## Exercise description
Exclude the pictures from your copy, and reproduce each entry below verbatim.

%%

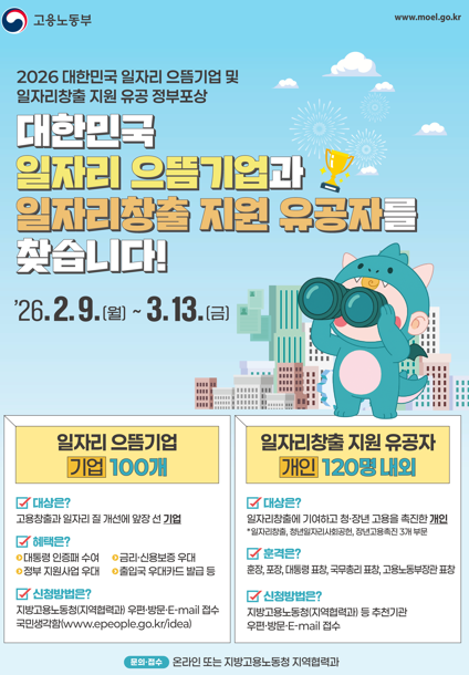 | 2026 대한민국 일자리 으뜸기업 및 일자리창출 지원 유공 정부포상 안내 | |||
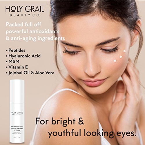 Turn back time and reverse visible signs of aging. Wave goodbye to wrinkles, dark circles and under eye bags for good sooth tired eyes and achieve instantly younger looking eyes with our light, anti-aging eye cream. Holy Grail Beauty amino active eye gel is an air-soft periorbital treatment which soothes, smooths, firms and plumps the skin around the eye area while working to protect against and reverse signs of photo aging and skin damage. Concocted from a unique blend of peptides, hyaluronic acid and mms and improved with the natural, skin smoothing benefits of vitamin e, jojoba and aloe Vera, our amino active eye gel is the perfect addition to your anti-aging skincare regime. Suitable for day and night use.Feature
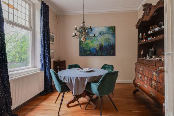 Het adres van deze woning uit 1900 is Roeltjesweg 25 te Hilversum. Het pand heeft een oppervlakte van 256m² en een perceeloppervlakte van 655m² en heeft 8 kamers kamers waarvan 5 slaapkamers. De geschatte waarde van deze woning is € 1.250.000.
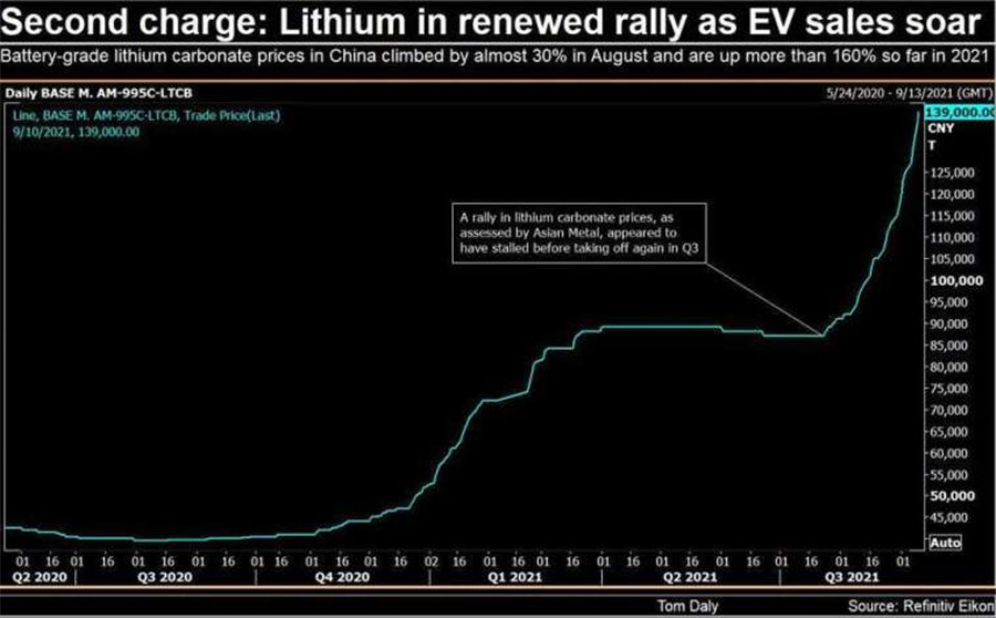 由于電動汽車銷量激增,全球鋰價躍升至逾3年高點(diǎn),分析人士表示,鋰礦供應(yīng)日益吃緊,若新礦開采速度遲緩,可能影響電動汽車生產(chǎn)交付速度。
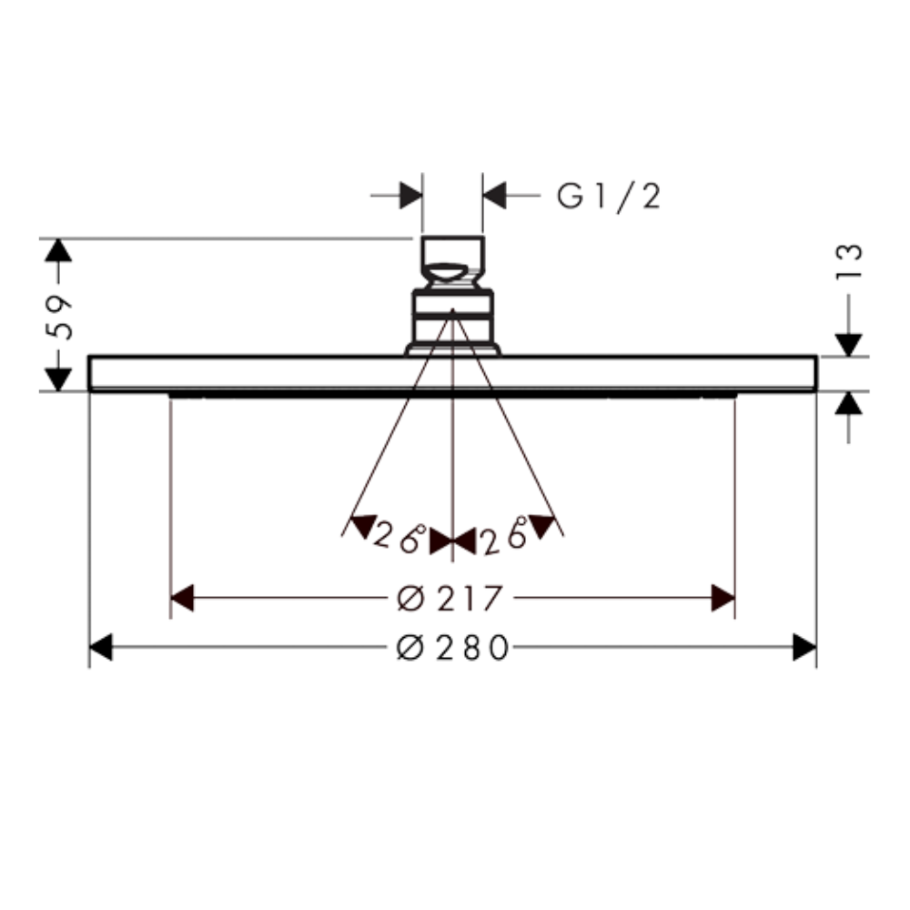 Caractéristiques de la douche de tête 280 1 jet EcoSmart, HansGrohe Croma, bronze brossé (26221140) :
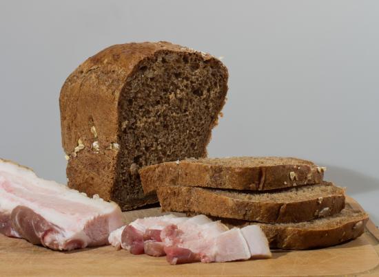 Обои Черный хлеб на столе с нарезанным салом
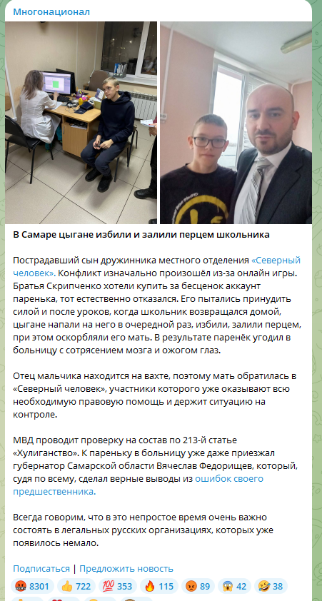 Сообщается, что пострадавший школьник - сын дружинника организации "Северный человек". Но мужчина уехал работать вахтовым методом, поэтому не смог вовремя вмешаться в конфликт сына с цыганами.
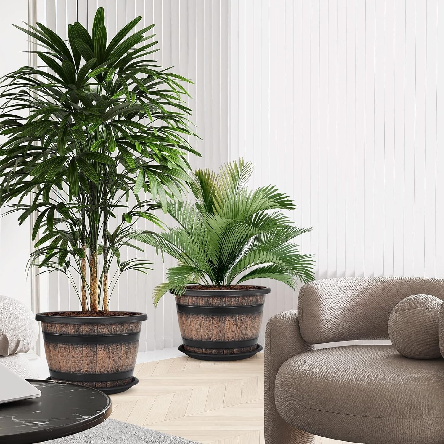 Transform your gardening experience with our Elegant 14" Round Resin Flower Pots. Not only do they provide a stylish touch with their whiskey barrel design, but their practical features assure optimal growing conditions for your beloved plants. Enjoy the peace of mind that comes with high-quality materials and thoughtful design - the perfect combination for any indoor or outdoor gardener.
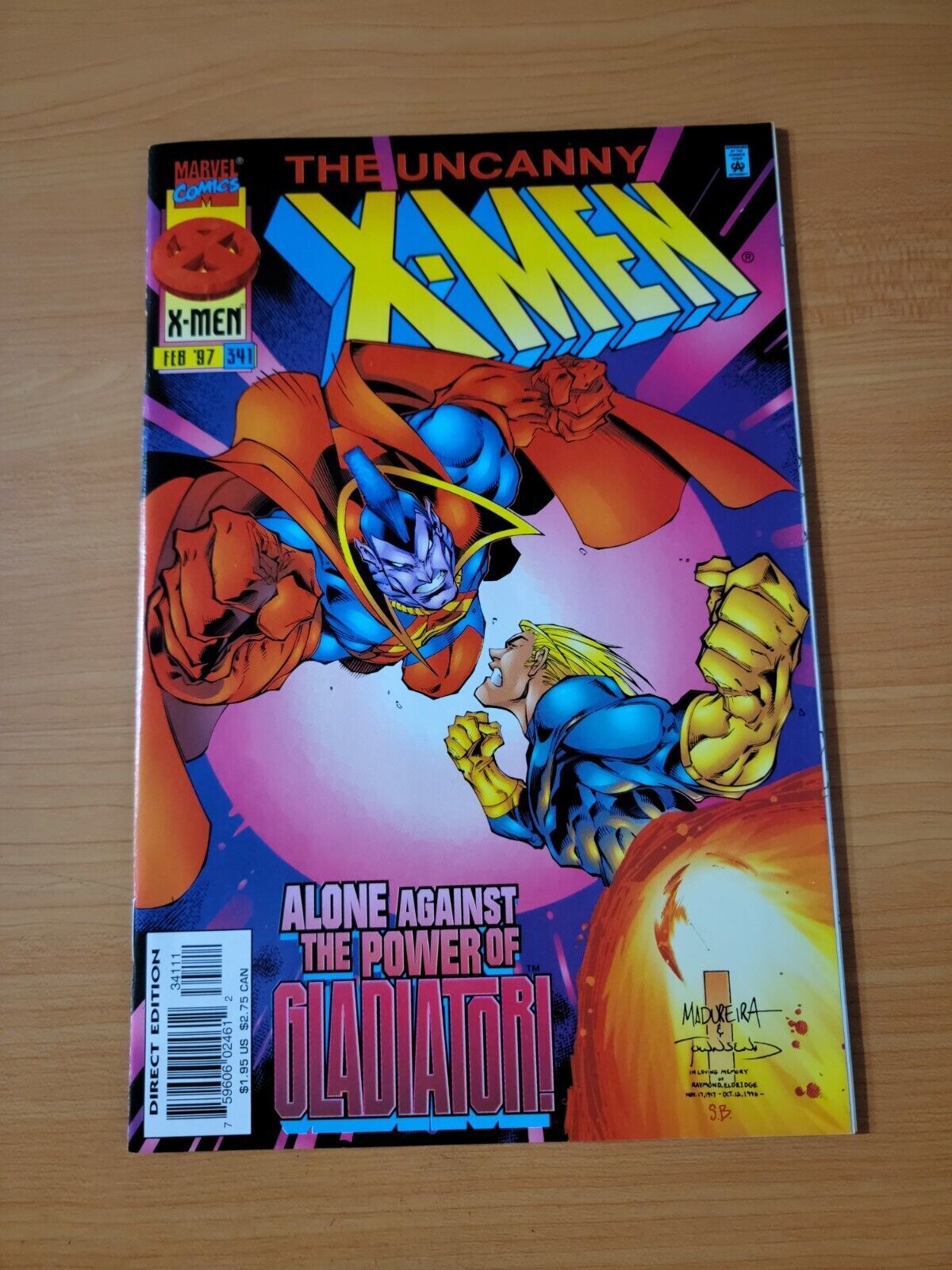 Item DescriptionUncanny X-Men #341 Direct Market EditionPublisher: Marvel ComicsPublished: 1997Item Grade/ConditionGrade: NEAR MINTFor more information about this grade and other grades, please see our grading standards.~ WE TAKE HIGH DEFINITION PICTURES OF OUR COMICS ~ For more detail use the ZOOM Function and check them out yourself! ~Shipping Info:United States: Comic Book & Magazine Orders of all sizes, big and small ship for a flat Single Shipping ChargeInternational: We use Calculated Shipping! ~ This insures that you get the LOWEST POSSIBLE COST! ~ Please give us one business day to calculate large orders! The Calculator for Hip is pretty bad for international, contact us if you are looking to order multiple books so we can help you make it work on the back end! As a courtesy to our customers, we insure all orders over 50$ US ~ YOU DONT PAY EXTRA!Delivery TimeWe process and ship all orders within 1 business days. Once shipped, estimated U.S. transit time is 2-10 business days; international 14-21 business days.(Orders placed on Friday afternoon as well as weekends will be shipped the next business day as we do not ship on the weekends).PackingOmnomax Traders has mastered packing to ensure our orders of a "damage-free transport."Using the following methods, we have seen a nearly perfect 99% success rate for undamaged comics!Here is how our orders ship:All Orders :Bagged AND Boarded, ALWAYS NO EXCEPTIONS!Shipped in a Gemini Comic Mailer OR Tightly secured between 4x stiff pieces of corrugated cardboard (double Sandwiched)Sealed on all 4 sides with strong packing tape (Items doesn't even wiggle).:*Now this method is nearly perfect! however we have seen damage happen to items ( only once or twice a year ) ~ this is often due to bad handling by the postal service. Always remember to contact us if this happens! we are committed to quality service!*Offers History
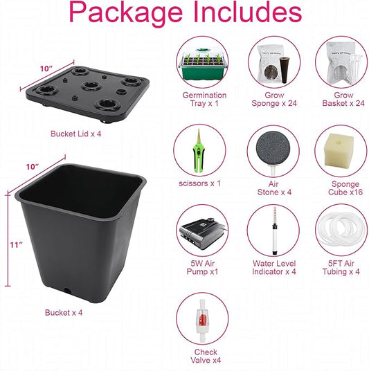 4 Hydroponic Buckets Kit for Plants, Hydroponics Growing System for Herbs/Tomato/Vegetables, DWC System with Air Pump & Germination Tray Black (Complete Indoor Hydroponic Gardening Supplies)
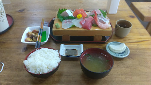 海鮮丼か刺身定食の二択の雰囲気。刺身定食注文し、10分程で提供。席は相席あり。粗く削り出しのテーブルと椅子、かなり時を経たコンクリ打ちっぱ的な室内で、インテリアセンスは気にして無さそう。着座して提供される茶は茶碗が幼児用で明らかに少ない。かつ、ホールスタッフが少ないのにテーブル上のポットなどセルフスタイルではないので食事前に飲み干したら後が困る。
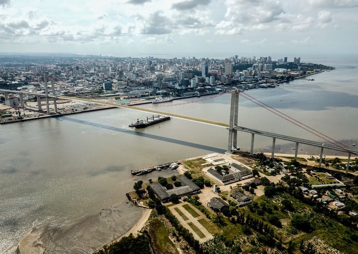 這是2019年4月8日在莫桑比克首都馬普托拍攝的馬普托大橋(無人機(jī)照片)。新華社記者 張宇 攝
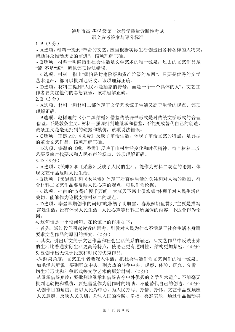 四川省泸州市高2022级第一次教学质量诊断性考试语文答案
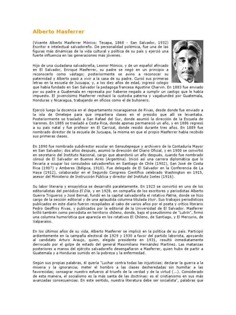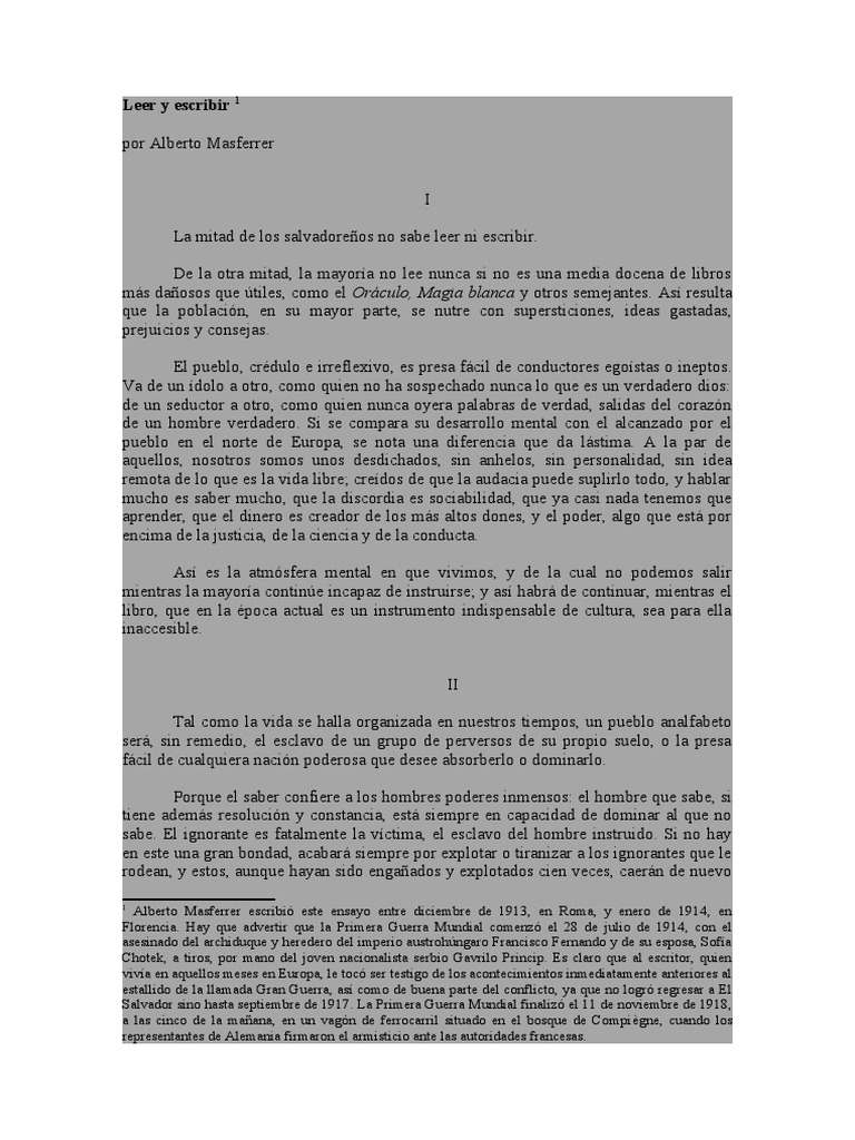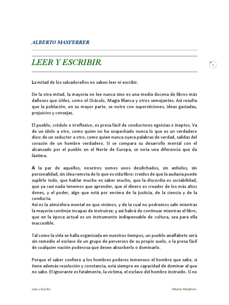 Leer y Escribir Alberto Masferrer PDF PDF El Salvador Verdad
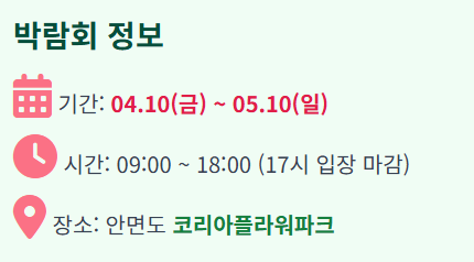 장소: 충남 태안군 안면읍 꽃지해안로 400 (코리아플라워파크)

%%

## Exercise solution
 | 2026 대한민국 일자리 으뜸기업 및 일자리창출 지원 유공 정부포상 안내 | |||
 Turn back time and reverse visible signs of aging. Wave goodbye to wrinkles, dark circles and under eye bags for good sooth tired eyes and achieve instantly younger looking eyes with our light, anti-aging eye cream. Holy Grail Beauty amino active eye gel is an air-soft periorbital treatment which soothes, smooths, firms and plumps the skin around the eye area while working to protect against and reverse signs of photo aging and skin damage. Concocted from a unique blend of peptides, hyaluronic acid and mms and improved with the natural, skin smoothing benefits of vitamin e, jojoba and aloe Vera, our amino active eye gel is the perfect addition to your anti-aging skincare regime. Suitable for day and night use.Feature
 Het adres van deze woning uit 1900 is Roeltjesweg 25 te Hilversum. Het pand heeft een oppervlakte van 256m² en een perceeloppervlakte van 655m² en heeft 8 kamers kamers waarvan 5 slaapkamers. De geschatte waarde van deze woning is € 1.250.000.
 由于電動汽車銷量激增,全球鋰價躍升至逾3年高點(diǎn),分析人士表示,鋰礦供應(yīng)日益吃緊,若新礦開采速度遲緩,可能影響電動汽車生產(chǎn)交付速度。
 Caractéristiques de la douche de tête 280 1 jet EcoSmart, HansGrohe Croma, bronze brossé (26221140) :
 Обои Черный хлеб на столе с нарезанным салом
 Сообщается, что пострадавший школьник - сын дружинника организации "Северный человек". Но мужчина уехал работать вахтовым методом, поэтому не смог вовремя вмешаться в конфликт сына с цыганами.
 Transform your gardening experience with our Elegant 14" Round Resin Flower Pots. Not only do they provide a stylish touch with their whiskey barrel design, but their practical features assure optimal growing conditions for your beloved plants. Enjoy the peace of mind that comes with high-quality materials and thoughtful design - the perfect combination for any indoor or outdoor gardener.
 Item DescriptionUncanny X-Men #341 Direct Market EditionPublisher: Marvel ComicsPublished: 1997Item Grade/ConditionGrade: NEAR MINTFor more information about this grade and other grades, please see our grading standards.~ WE TAKE HIGH DEFINITION PICTURES OF OUR COMICS ~ For more detail use the ZOOM Function and check them out yourself! ~Shipping Info:United States: Comic Book & Magazine Orders of all sizes, big and small ship for a flat Single Shipping ChargeInternational: We use Calculated Shipping! ~ This insures that you get the LOWEST POSSIBLE COST! ~ Please give us one business day to calculate large orders! The Calculator for Hip is pretty bad for international, contact us if you are looking to order multiple books so we can help you make it work on the back end! As a courtesy to our customers, we insure all orders over 50$ US ~ YOU DONT PAY EXTRA!Delivery TimeWe process and ship all orders within 1 business days. Once shipped, estimated U.S. transit time is 2-10 business days; international 14-21 business days.(Orders placed on Friday afternoon as well as weekends will be shipped the next business day as we do not ship on the weekends).PackingOmnomax Traders has mastered packing to ensure our orders of a "damage-free transport."Using the following methods, we have seen a nearly perfect 99% success rate for undamaged comics!Here is how our orders ship:All Orders :Bagged AND Boarded, ALWAYS NO EXCEPTIONS!Shipped in a Gemini Comic Mailer OR Tightly secured between 4x stiff pieces of corrugated cardboard (double Sandwiched)Sealed on all 4 sides with strong packing tape (Items doesn't even wiggle).:*Now this method is nearly perfect! however we have seen damage happen to items ( only once or twice a year ) ~ this is often due to bad handling by the postal service. Always remember to contact us if this happens! we are committed to quality service!*Offers History
 4 Hydroponic Buckets Kit for Plants, Hydroponics Growing System for Herbs/Tomato/Vegetables, DWC System with Air Pump & Germination Tray Black (Complete Indoor Hydroponic Gardening Supplies)
 海鮮丼か刺身定食の二択の雰囲気。刺身定食注文し、10分程で提供。席は相席あり。粗く削り出しのテーブルと椅子、かなり時を経たコンクリ打ちっぱ的な室内で、インテリアセンスは気にして無さそう。着座して提供される茶は茶碗が幼児用で明らかに少ない。かつ、ホールスタッフが少ないのにテーブル上のポットなどセルフスタイルではないので食事前に飲み干したら後が困る。
 這是2019年4月8日在莫桑比克首都馬普托拍攝的馬普托大橋(無人機(jī)照片)。新華社記者 張宇 攝
 四川省泸州市高2022级第一次教学质量诊断性考试语文答案
 Leer y Escribir Alberto Masferrer PDF PDF El Salvador Verdad
 장소: 충남 태안군 안면읍 꽃지해안로 400 (코리아플라워파크)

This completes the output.